The central tool here in practice is Bochner’s theorem, which states that the Fourier transform of some spectral measure is a valid covariance kernel:

\[\kappa(\Delta t)=\mathcal{F}_{\Delta t}.\]

Taking this insight and running with it you can do lots of fun stuff. Turner and Sahani (2014) is sometimes mentioned as ground-zero of this kind of research, although the connections are certainly much older, e.g. Curtain (1975). Wiener and Khintchine approaches were not far from this (Wiener and Masani 1958, 1957) and it is implicit in Kalman-Bucy filtering (R. Kalman 1959; R. E. Kalman 1960; Kailath 1971). There are natural extensions of classic results, e.g. a Shannon-Nyquist theorem Tobar (2019). In modern times we have related but more specialised techniques such as the probabilistic phase vocoder (Godsill and Cemgil 2005). See also the connections to time series state models of Hartikainen and SΓ€rkkΓ€ (2010), Lindgren, Rue, and LindstrΓΆm (2011), Reece and Roberts (2010) and Liutkus, Badeau, and Richard (2011).
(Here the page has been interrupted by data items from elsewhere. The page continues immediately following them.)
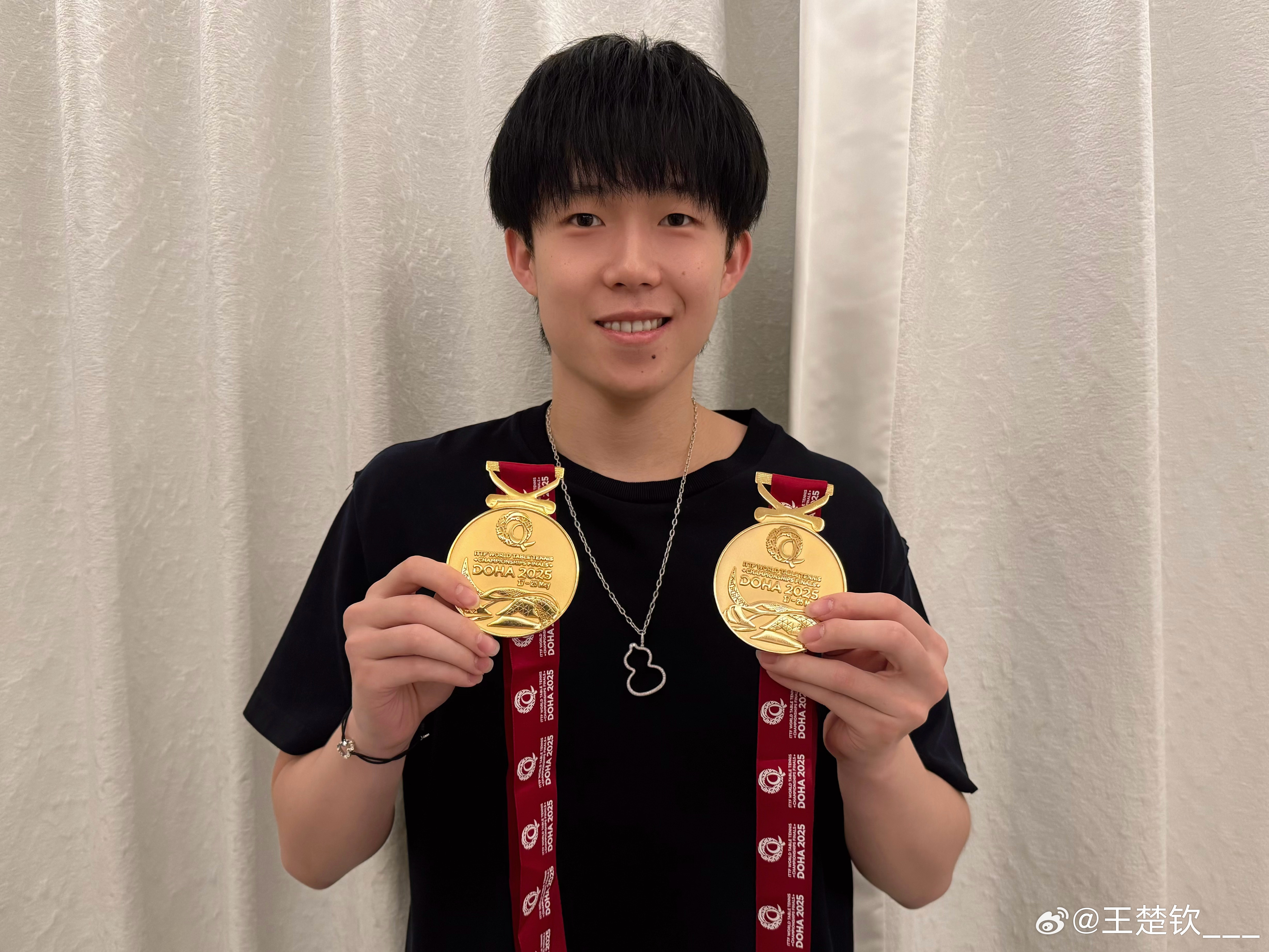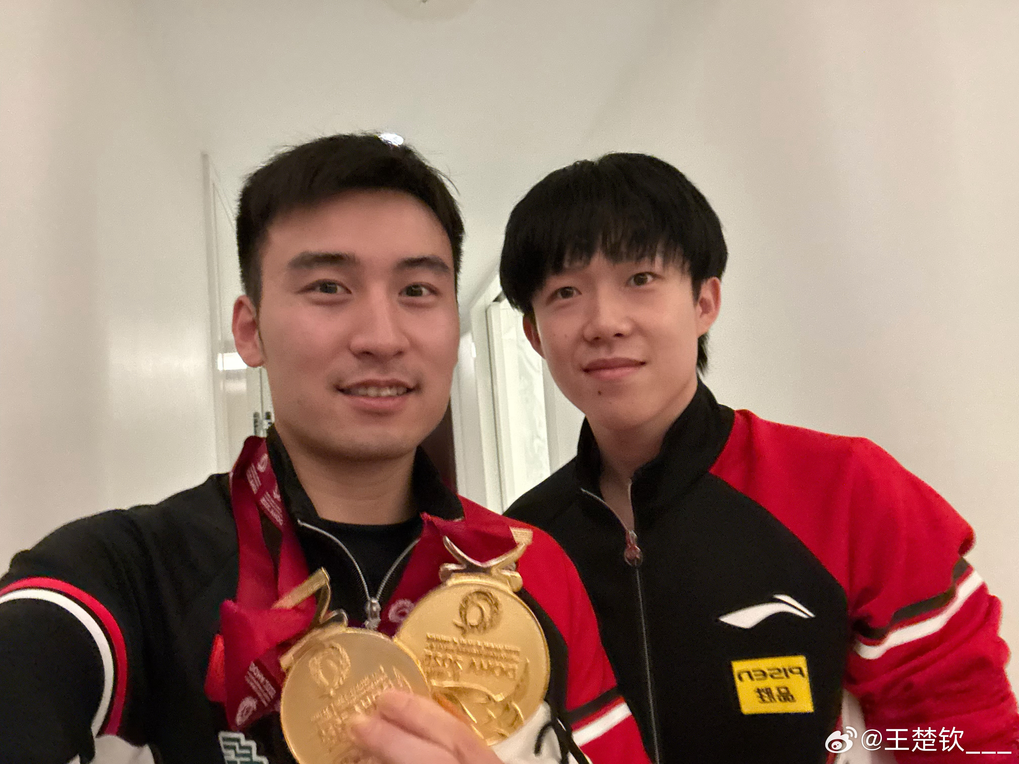 王楚欽還在帖文中發布了多張照片,包括自己親吻獎盃、手持兩枚金牌的照片等。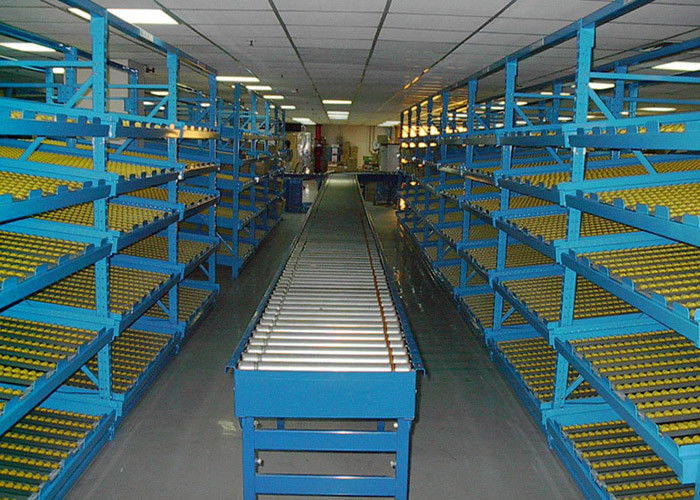 गुरुत्वाकर्षण वाले पैलेट प्रवाह रैक के संबंध में, पैलेट रोलर्स पर रखे जाते हैं जो गुरुत्वाकर्षण द्वारा संचालित पिक चेहरे की ओर ढलान करते हैं, पहले अंदर और पहले बाहर। पैलेट एक तरफ से खिलाए जाते हैं,और विपरीत पक्ष से प्राप्त प्राप्त करने के लिए प्राप्त क्षेत्र से दोहरी हैंडलिंग को समाप्तस्टॉक रोटेशन के साथ संयोजन में उत्पादन की गति इस प्रणाली का प्रमुख लाभ है।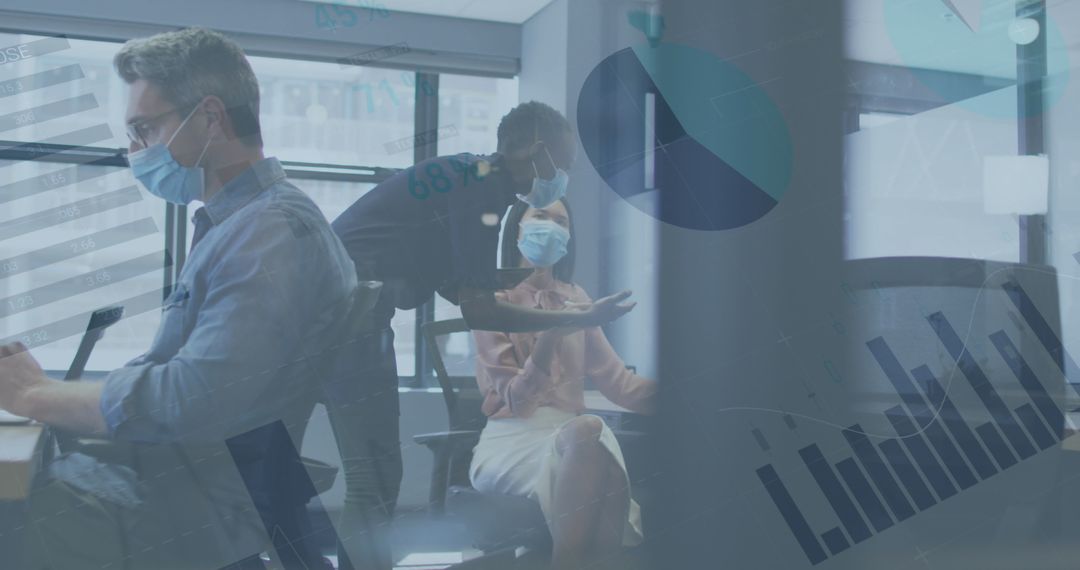 Colleagues wearing face masks engage in a collaborative discussion in a modern office setting, with layers of financial graphs and data projected overlayed. This portrays a contemporary work environment adjusting to pandemic constraints, emphasizing the significance of health safety and technological integration in engaging with complex quantitative insights. Perfect for illustrating topics in finance, teamwork adaptation during COVID-19, and the use of digital tools in business operations.

There are nice introductions in some papers (Solin 2016; Alvarado, Alvarez, and Stowell 2019; W. J. Wilkinson et al. 2019b), which unite various pieces I was discussing above with actual applications. I will work through these methods here for my own edification.


The basic setting is the same as for typical audio signal analysis; we begin with a (random) signal \(f:\mathbb{R}\to\mathbb{R}\), where the argument is a continuous time index. We do not know this signal, but will infer its properties will have some countable number of discrete observations, \(\mathbf{f}:=\{f(t_k);k=1,2,\dots,K\}.\)

We imagine observations from this signal are modelled by a Gaussian process, giving us the same setup as Gaussian process regression. We introduce the additional assumption here that the scalar index \(\mathcal{I}:=\mathbb{R}\). ) represents time.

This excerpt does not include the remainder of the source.